Well, I suppose theirs do; I know mine does. I am captivated by this song cycle in the same way that I can sit through every track on Aja or Rumours and be transported to every memory that ever was and every moment that might be. I soak in the experience; I close my eyes and float on the sound of Jill Phillips pushing what feels like the essence of Mary’s pain as she sings Labor of Love.

I sit, in awe, enveloped in the sacred and holy. It is church.

At the end, every time, Peterson reads from Philippians, and then starts the Doxology, and we all sing, raw and ripe from the journey of poetic melody. It is every memory I’ve ever had from singing in a group of people who are hopeful, in that moment, for something good. From the huge Methodist church in my Pennsylvania hometown, to singing around a campfire with my Uncle Lloyd and my grandmother and her sisters; to Jeff Berta and the high school choir in Texas, and learning all the harmony parts on The Eagles Greatest Hits in my dad’s car. All-region choir and directing a choir; one of the first Passion Conferences in the 90’s with my brother, and the All Sons & Daughters concert at PCC.

Countless memories; the point is, the times when people sing together because they can’t not sing, and mics and amplified instruments are stilled, and it’s a collective surge of vocal movement – well, I am overwhelmed in those moments.

And Thursday night, as the 1,600 people around me sang, I inhaled deeply as if I could pull it into my lungs and store it there. I did not add my voice; I listened, and felt enveloped by the harmony and the sweetness of the simple sound of human voices, together.

It was such a beautiful moment. My husband on one side, seeking the bass line; Brian on the other, finding the tenor.

And my heart, full to the brim. The entire evening, one beautiful experience that invited me to be fully present, risking the explosion of joy and beauty in the deepest part of my soul. I was awestruck. I closed my eyes and swayed and interacted with the joy I sensed thrumming in the air around me.

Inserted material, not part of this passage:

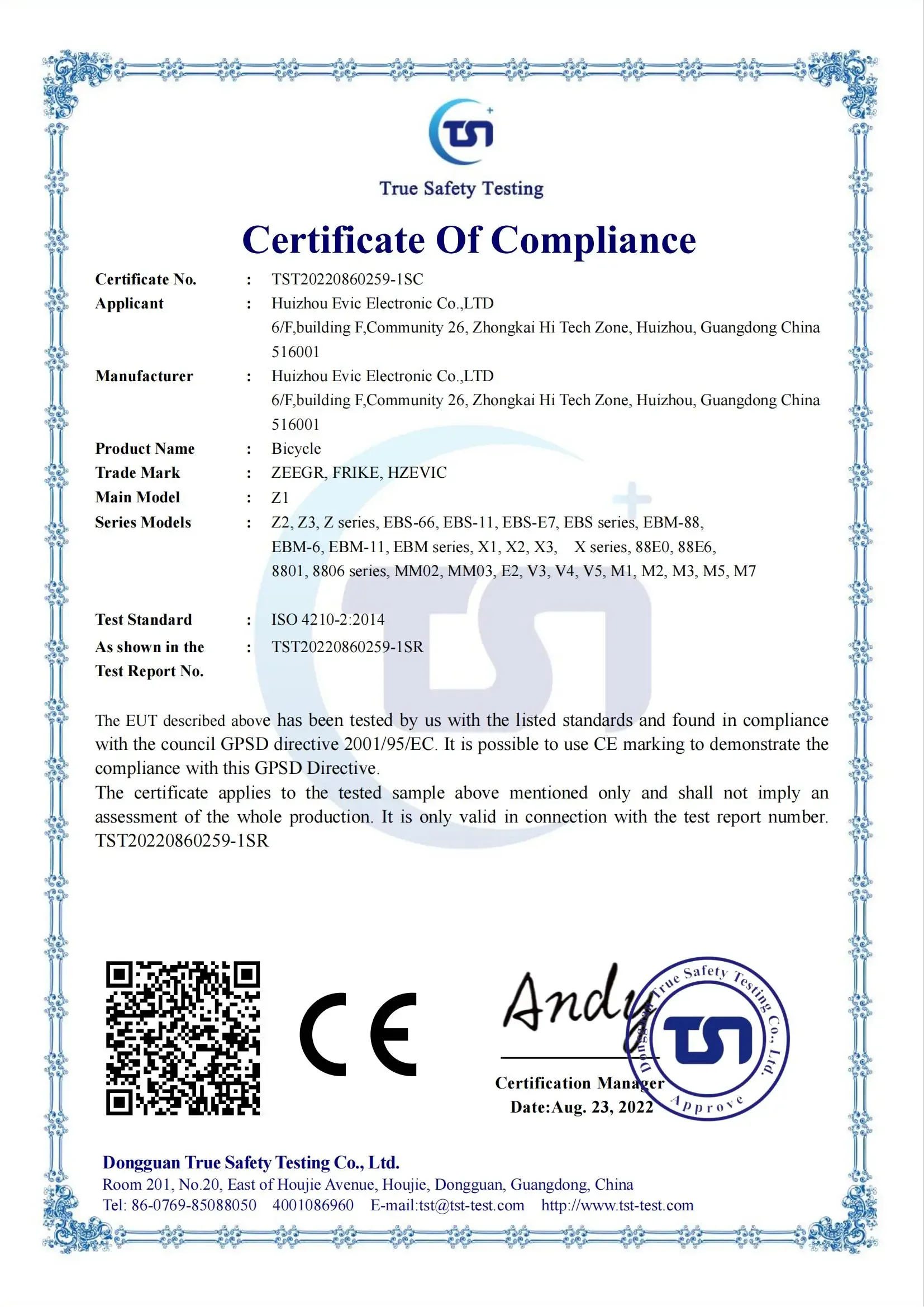 Maximum Loading | 150kg | Certification | CE/UL/ISO4210 |

This, to me, is an experience of the divine; it is God, in the beauty. It is God, in the holy, it is God, in the hearts of the people turned towards him. It is a spiritual practice, to welcome and be present to such beauty.

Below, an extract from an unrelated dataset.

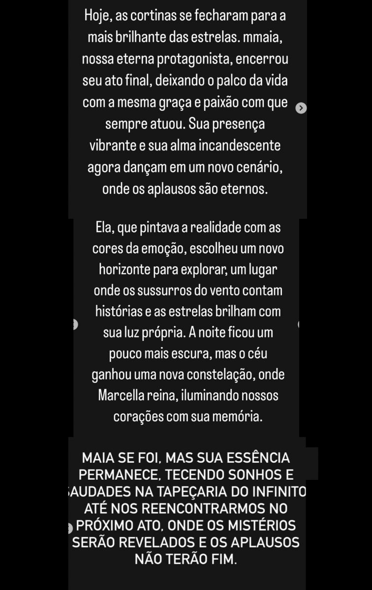 O post, feito pouco antes de meio-dia, diz: “Hoje as cortinas se fecharam para a mais brilhante das estrelas. Marcella Maia, nossa eterna protagonista, encerrou seu ato final, deixando o palco da vida com a mesma graça e paixão com que sempre atuou. Sua presença vibrante e sua alma incandescente agora dançam em um novo cenário, onde os aplausos são eternos", começa o comunicado.

On the journey home, our conversation bounced all over the place. At one point, I said, “I’ve accepted that I am a little different. I’m a weirdo; I have an artistic temperament. It makes me different. I used to think it made me wrong, and I struggled; but I am okay with me.”

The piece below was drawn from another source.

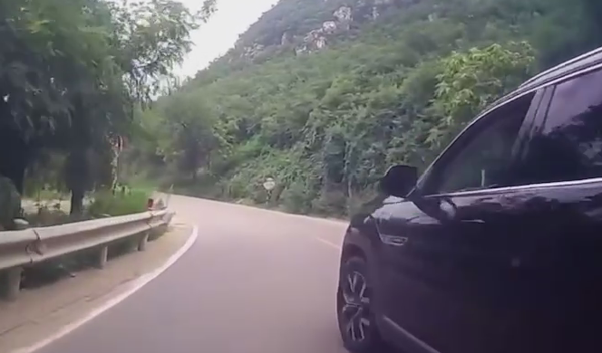近日在一段山路上,一辆正在行驶的摩托车,遇到一辆大众汽车越线借道超车,差点发生相撞,骑手给了大众汽车比了一个中指,然后就正常走了。

I feel that way a lot, like a fish out of water. I get up in my head, I think I’m so different than everybody else, and maybe I am.

Or maybe I’m not.

Maybe it doesn’t matter.

Joan Chittister, in her beautiful book The Gift of Years, writes:

We don’t change as we get older – we just get to be more of what we’ve always been.

Joan Chittister, The Gift of Years

I feel that. I receive that.

She goes on:

It is the period in which we set out to make sense of all the growing we have already done. It is the softening season when everything in us is meant to achieve its sweetest, richest, most unique self.

Joan Chittester, The Gift of Years

I feel that, too.

Several years ago, a wise woman pointed me in a specific direction and asked what I wanted to be. I blurted out, ‘A wise old woman.‘ She didn’t flinch; she just nudged me to move towards that desire.

And, so it goes; and every moment – even (or perhaps especially) a quick road trip to continue a Christmas tradition – fills that bucket and helps me lean into all the wisdom the world, and its Creator, have to offer.

Remember, now, his mercy. What a gift.